XUL support isn't removed yet, and the bugs and requests for feedback are open
and out there. It's also possible to implement new WebExtension APIs
(WebExtension Experiments) and inject them as an add-on, in order to test
replacement APIs.

Most of the major addon authors have engaged there, and many already have a
WebExtension port. (For those that had Chrome versions, that should be no
surprise - the APIs are essentially compatible)

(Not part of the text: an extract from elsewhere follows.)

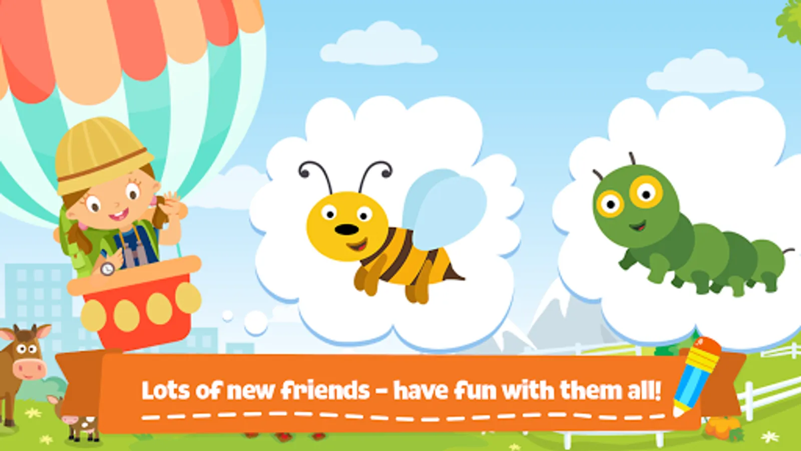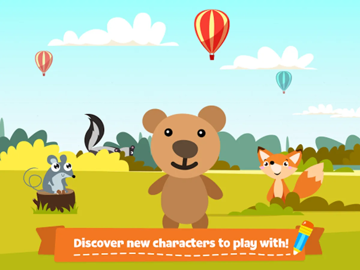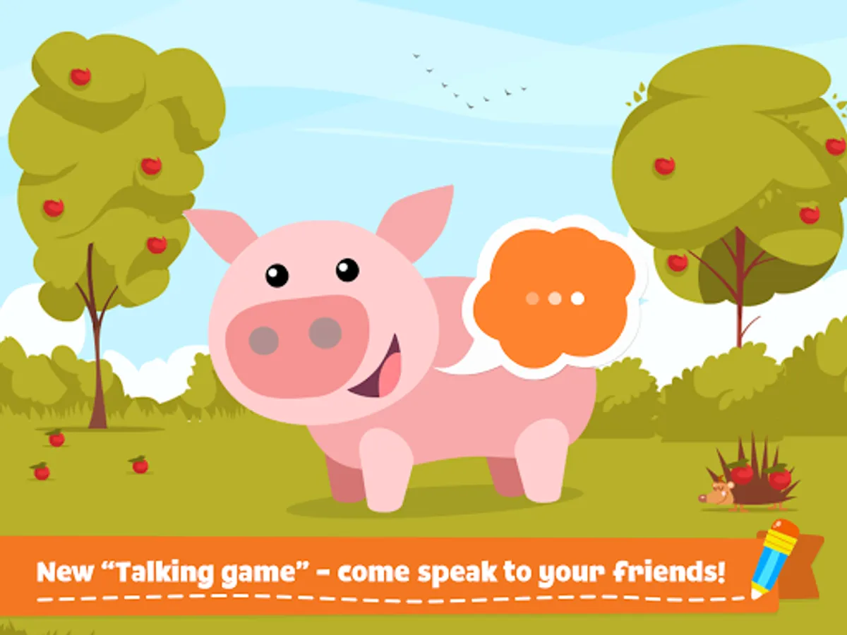 Would your child like more pictures to draw and play with? No problem at all – 25 cute pictures to draw, play and talk: a train, a pig, pandas, a dog, a kitty, an airplane, bear, a bird, a goose, a duck, a rocket, an UFO, a robot, a unicorn, a dinosaur, an air balloon, a bee, a car, a snail, a caterpillar, a submarine, a fish, a whale, a turtle, a penguin. These are not just pictures – these are 25 animated worlds full of fun! And more are coming soon! Just do stay tuned!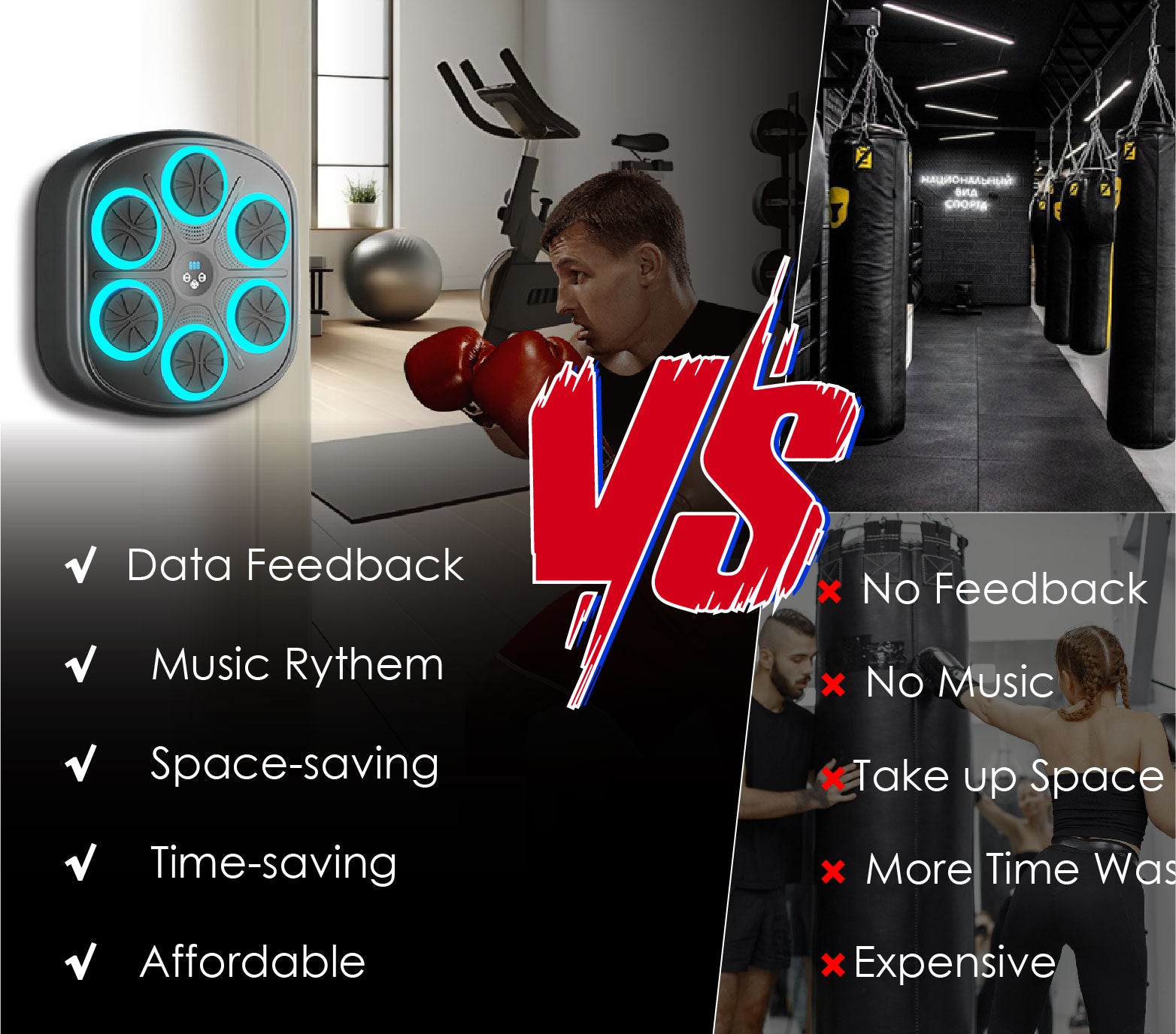 Supports Bluetooth connection to sync with your favorite music for boxing.

 _And there doesn 't seem to be signs of awareness of the risks of destroying
an add-ons platform in the Mozilla team's public representations, or in their
reactions to bugs reported by some fairly significant add-on authors
considering rewriting to the new API._

It's very well understood that some kinds of very invasive add-ons may no
longer be possible, and Mozilla is very well aware of that - to some extent
it's very much intentional as it's an essential step to improve the quality on
browser upgrades and prevent the continuous breakage that exists now, as well
as get some things like Sandboxing working at all. The requirements of the
most popular add-ons are tracked, and bugs are filed for the missing parts.
But it's not because one popular add-on author whines that he should be
allowed some random invasive API hooks, that it will be added. ( _cough_
DownThemAll _cough_ )

It's silly to claim the add-on platform will die out when in reality we now
have an extension system that works across all major browsers. At least one of
those browsers has a (now essentially compatible) add-on collection that has
been gradually dwarfing Firefox's. Arguments that add-ons are competitive
advantage for Firefox have had no base in reality for the last few years. XUL
add-ons and the idea that an addon should interact directly with browser
internals have been a stone around Firefox' neck in terms of quality and
reliability, and I'll gladly cut the noose.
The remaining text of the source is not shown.